Belinda Beresford
Eighty guns for hire sat proudly on the Linder Auditorium stage in Johannesburg on Wednesday, plying their trade for love and in the hope of money.
It was the inaugural concert of the new Johannesburg Philharmonic Orchestra (JPO), created by musicians from the now defunct National Symphony Orchestra (NSO). The NSO finally collapsed into the terminal stages of bankruptcy earlier this year after a long illness caused by lack of funding.
Proving that, contrary to popular opinion, lawyers do have hearts, the JPO is the product of 29 musicians and their attorney.
The JPO is looking for R30-million, double the amount the NSO needed to keep it breathing. According to Sara Gon, the Webber Wentzel Bowens attorney working behind the scenes, the orchestra is determined not to struggle along in a constant state of crisis. The model is the orchestra in Durban, which has secured multiple-year funding from different levels of government and business.
At the time of the NSO collapse several potential funders said they were deterred by the air of desperation surrounding it.
The increased budget is also to facilitate the plan to spend half the JPO’s time and resources on outreach programmes, bringing musical awareness, tuition and entertainment to children and adults in squatter camps as well as the more affluent northern suburbs of Johannesburg.
But the JPO’s struggle to find sponsorship has been exacerbated by the public and acrimonious end to the NSO.
Many sponsors who gave money to the previous orchestra say their budget for the year has been spent, while some are waiting to see how viable the new orchestra is. One financial institution spoke for several others when it said it was wary. Having given sponsorship money to the NSO, it had expected returns in the form of publicity or musical entertainment, which had failed to materialise.
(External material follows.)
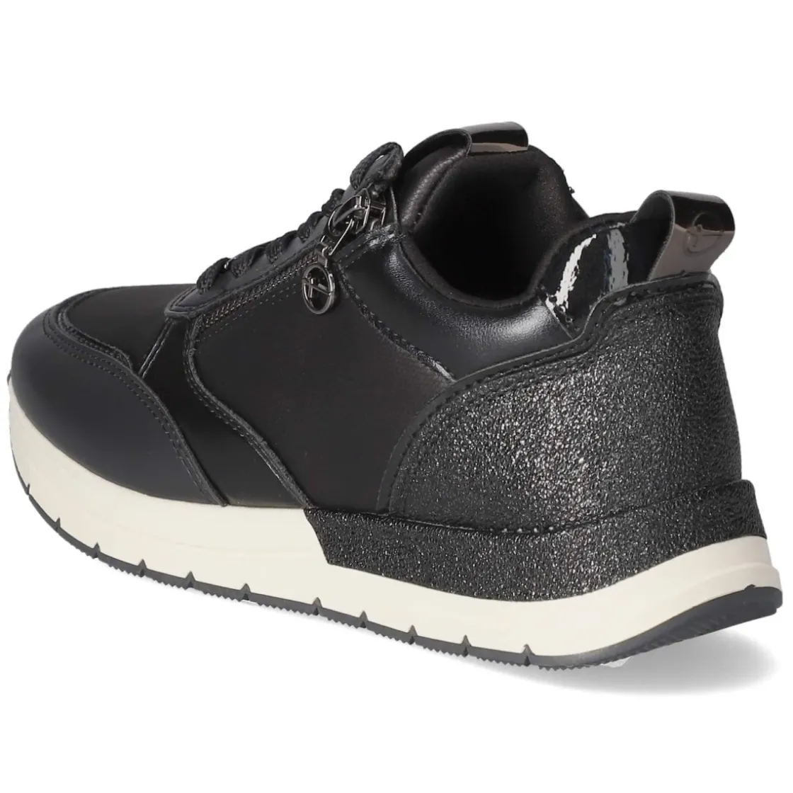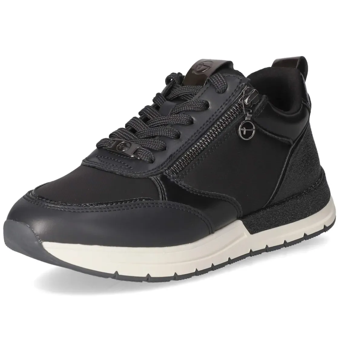 Der Low Sneaker von Tamaris setzt auf eine klare, moderne Silhouette mit runder Spitze und harmonischem Blauton, der je nach Licht fast Schwarz wirken kann. Das Obermaterial aus Textil und Synthetik wird durch eine verstärkte Ferse mit schimmernder Oberfläche und feinen metallischen Akzenten veredelt. Vegane Materialien unterstreichen den zeitgemäßen Anspruch. Für Alltagstauglichkeit sorgen ein angenehm gepolsterter Einstieg, Schnürsenkel in Kombination mit zusätzlichem Reißverschluss sowie eine flexible, rutschfeste Laufsohle. Die gepolsterte, herausnehmbare Decksohle ermöglicht individuelle Anpassung, während der Schnitt normal ausfällt und sofort vertrauten Tragekomfort bietet. Markendetails setzen dezente Highlights und betonen die feminine Low-Silhouette für Erwachsene. Modetipp: Besonders stimmig wirkt der Sneaker zu cropped Straight-Jeans und einem feinen Stricktop; ein nachtblaue Trenchcoat rundet den monochromen Look elegant ab.
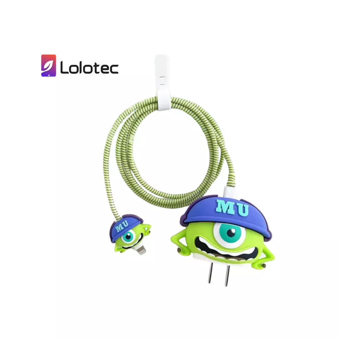 Kit protector de cable y cubo para iPhone (4 piezas) – Diseño Mike Wazowski

The situation is even more complicated by the apparent attempts to start another orchestra, the African Symphony Orchestra, by members of the NSO management.
But funding is coming in. Two sponsors who took the leap of faith were CorpCapital and the Finnish embassy, who funded the inaugural concerts. The JPO is confident of having sufficient funding for a full musical programme to begin in October.
One orchestra member described the JPO as rising phoenix-like from the ashes of its predecessor. But a new phoenix is a replica of itself. Existing and potential classical music lovers, not to mention the musicians, must be hoping that rather than being a phoenix, the JPO proves to have been transmuted by its ordeal into something harder and more durable.